7. Post-Processing and Visualization

Post-processing transforms raw simulation output — arrays of pressure, velocity, temperature, and stress at millions of mesh points — into engineering insights. ParaView is the standard visualization tool for simulation data, built on VTK (Visualization Toolkit) and scriptable through its Python interface (pvpython). The scripting capability is essential for batch processing: extracting line plots along rake positions, computing derived quantities (vorticity from velocity gradients, von Mises stress from the stress tensor), generating animations of transient simulations, and producing publication-quality figures with consistent formatting across parametric studies. VTK provides the underlying data structures (vtkUnstructuredGrid, vtkStructuredGrid, vtkPolyData) and algorithms (contouring, streamlines, cutting planes, glyphs, volume rendering) that ParaView exposes through its GUI and Python API.

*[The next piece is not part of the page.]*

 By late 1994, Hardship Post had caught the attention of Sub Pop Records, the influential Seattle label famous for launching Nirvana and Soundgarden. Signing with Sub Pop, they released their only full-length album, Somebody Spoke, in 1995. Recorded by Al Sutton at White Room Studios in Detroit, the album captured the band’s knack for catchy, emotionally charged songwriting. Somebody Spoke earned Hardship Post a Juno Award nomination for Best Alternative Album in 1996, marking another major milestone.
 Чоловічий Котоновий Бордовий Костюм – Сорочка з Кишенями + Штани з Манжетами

The critical post-processing task for verification is convergence analysis: plotting solution error versus mesh size on a log-log scale to verify that the observed convergence rate matches the formal order of the numerical scheme. A second-order scheme should produce a slope of approximately -2 on this plot; deviation indicates implementation errors, insufficient mesh resolution, or singularities degrading the convergence rate. Richardson extrapolation uses solutions on three systematically refined meshes (refinement ratio r) to estimate the grid-independent solution and the observed convergence order. The Grid Convergence Index (GCI) provides uncertainty bars on the extrapolated solution. AI tools can generate matplotlib code for convergence plots but rarely generate the Richardson extrapolation analysis that makes those plots meaningful.

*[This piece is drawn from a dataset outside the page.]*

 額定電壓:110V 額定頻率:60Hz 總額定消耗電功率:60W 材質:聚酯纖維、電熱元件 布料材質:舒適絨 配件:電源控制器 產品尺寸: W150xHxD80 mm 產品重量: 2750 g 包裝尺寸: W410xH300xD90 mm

Claude Code generates correct VTK pipeline code and understands the relationship between data arrays, cell types, and visualization algorithms. It produces ParaView Python scripts that handle the common pitfalls: applying CellDatatoPointData before contouring cell-centered data, using the correct representation (surface vs. wireframe vs. volume) for different data types, and setting appropriate color maps (diverging for signed quantities like pressure coefficient, sequential for magnitudes like velocity). Cursor autocompletes ParaView and VTK API calls from your existing post-processing scripts.

"""
Mesh convergence study with Richardson extrapolation and
Grid Convergence Index (GCI) for verification of numerical solutions.

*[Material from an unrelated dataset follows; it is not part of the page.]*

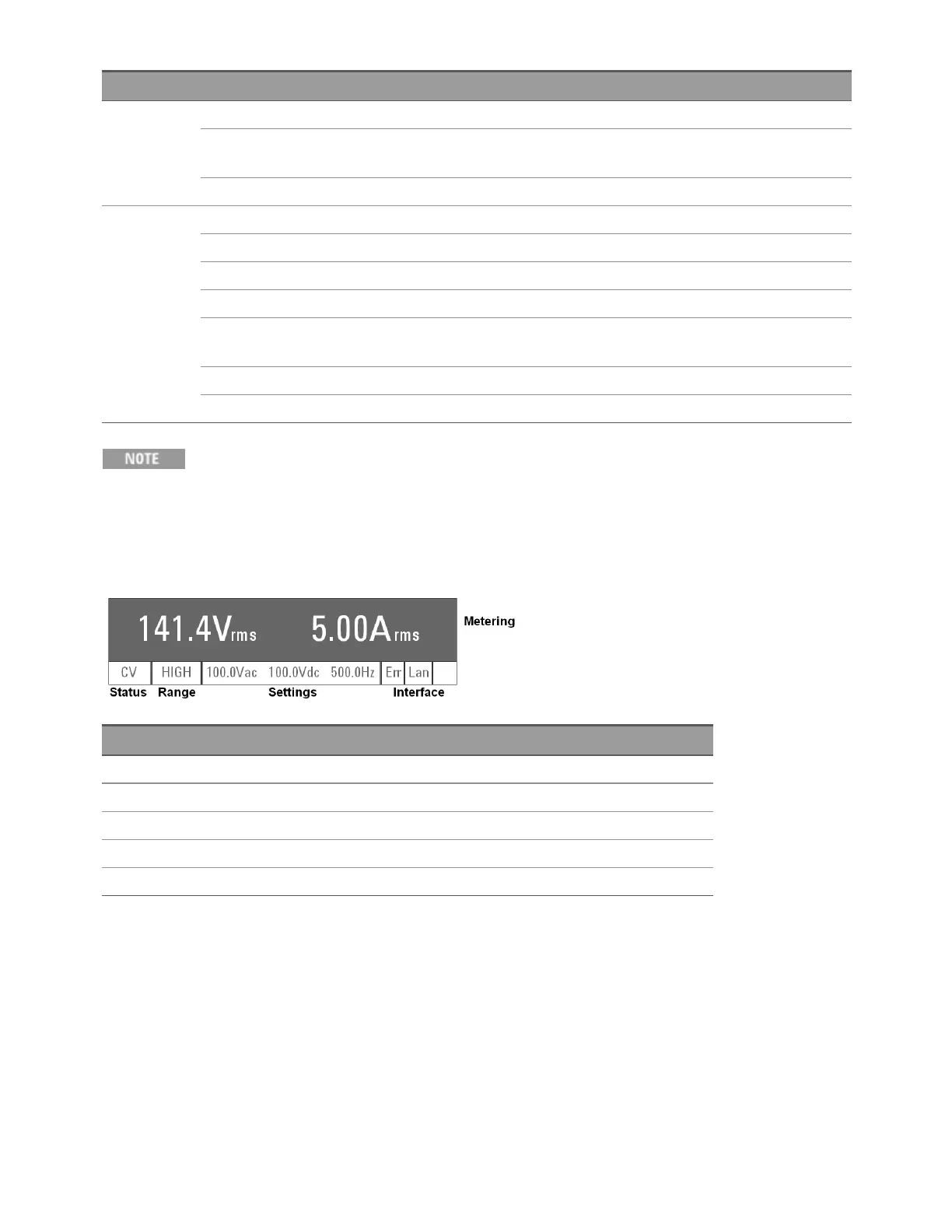 [Voltage] Opens the VAC or VDC (depending on output coupling mode) Settings fields in the Metering Mode

Computes observed order of convergence, extrapolated grid-independent
solution, and uncertainty bounds on the finest-grid solution.
"""
import numpy as np
import matplotlib.pyplot as plt
from dataclasses import dataclass


@dataclass
class ConvergenceResult:
    """Results from Richardson extrapolation analysis."""
    observed_order: float
    extrapolated_value: float
    gci_fine: float                # GCI on finest grid (%)
    gci_medium: float              # GCI on medium grid (%)
    asymptotic_ratio: float        # Should be ~1.0 for asymptotic range
    grid_sizes: list[float]
    solutions: list[float]
    errors_vs_extrapolated: list[float]


def richardson_extrapolation(
    h: list[float],
    f: list[float],
    r: float = None,
    formal_order: float = 2.0,
    safety_factor: float = 1.25,
) -> ConvergenceResult:
    """Perform Richardson extrapolation on three grid levels.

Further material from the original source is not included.